JOSHUA: I’m interested in acting, but I think I need to practice a whole lot. I tried taking acting lessons once or twice, but I was distracted from how busy I was. I’m going to start over again when I can focus properly. Of course, I’ll work hard at anything anybody tells me to do. And I want to do a good job, too. (laughs)
You revealed on JTBC’s Knowing Bros that you have a dream to build a hotel.
JOSHUA: My goal is to be a cool person no matter what area I’m working in. I want to build a cafe or a hotel and then I want to let the people I care about have a good time there as a gift. I’ll put them up in a suite for free. I also want to donate more. I want to donate often, both with SEVENTEEN and on my own, so I’m looking for a charity to donate to. I made it all the way to where I am because of all the people who helped me. And now I want to leave my mark in my field. And perform at the Billboard Awards or the Grammys. But I have to practice really hard if I want to do that.

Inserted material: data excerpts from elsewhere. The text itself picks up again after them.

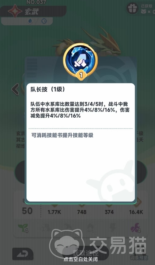 玄武是坦度非常夸张的坦克型库比,而且它的伤害能力也不弱,也有着很强的对群能力,队长技更是能提高队伍里水系宠的输出伤害,同时还能提高不错的减伤效果。在实战搭配中,它的配队方案比较固定,一是以玄武为队长的纯水队,二是同时上玄武和覆海鲨的四水队。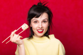 Kobieta z czerwonymi ustami na jasnym tle jedząca sushi. azjatycka żywność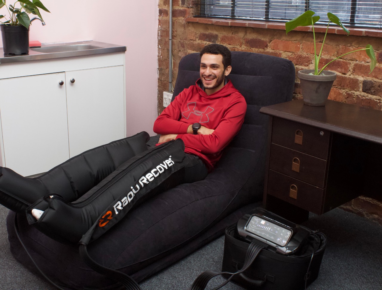 Leg sleeves used to increase circulation in a patient’s limbs. This results in inflammatory fluid removal and lactic acid flushing that leads to nutrient-rich blood circulation to tissues in need of repair and restoration. A higher efficient recovery of muscles overall.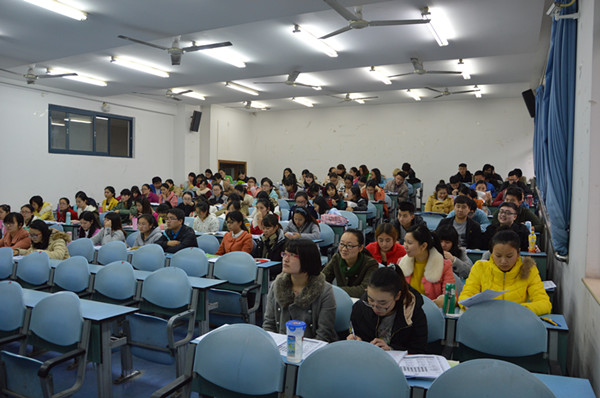 胡老师从批改模拟试卷中存在的问题出发,一一对应做出分析并要求同学们养成规范答题的好习惯,特别是在填涂机读卡时应当认真严谨,并告诫同学们“失之毫厘,谬以千里”的道理。接着,胡老师将去年和今年的考试大纲作了比较,勾画出重难点并希望同学们平时加强训练。“大鹏之动,非一羽之轻;骐骥之速,非一足之力。没有平时的汗水是不会有光辉的成绩的”,胡教授如是说道。

You emphasized working hard several times today. What keeps you working as hard as you do?
JOSHUA: The expectations. The feelings of the people who love and wait for us. There are people who find strength through us; for that reason, I work hard. I don’t want to give an overused answer when I’m talking about CARAT, but CARAT is the reason I can be here at all and they are SEVENTEEN’s fans. I’m CARAT and CARAT is me at the same time that they’re SEVENTEEN. That’s what keeps me going.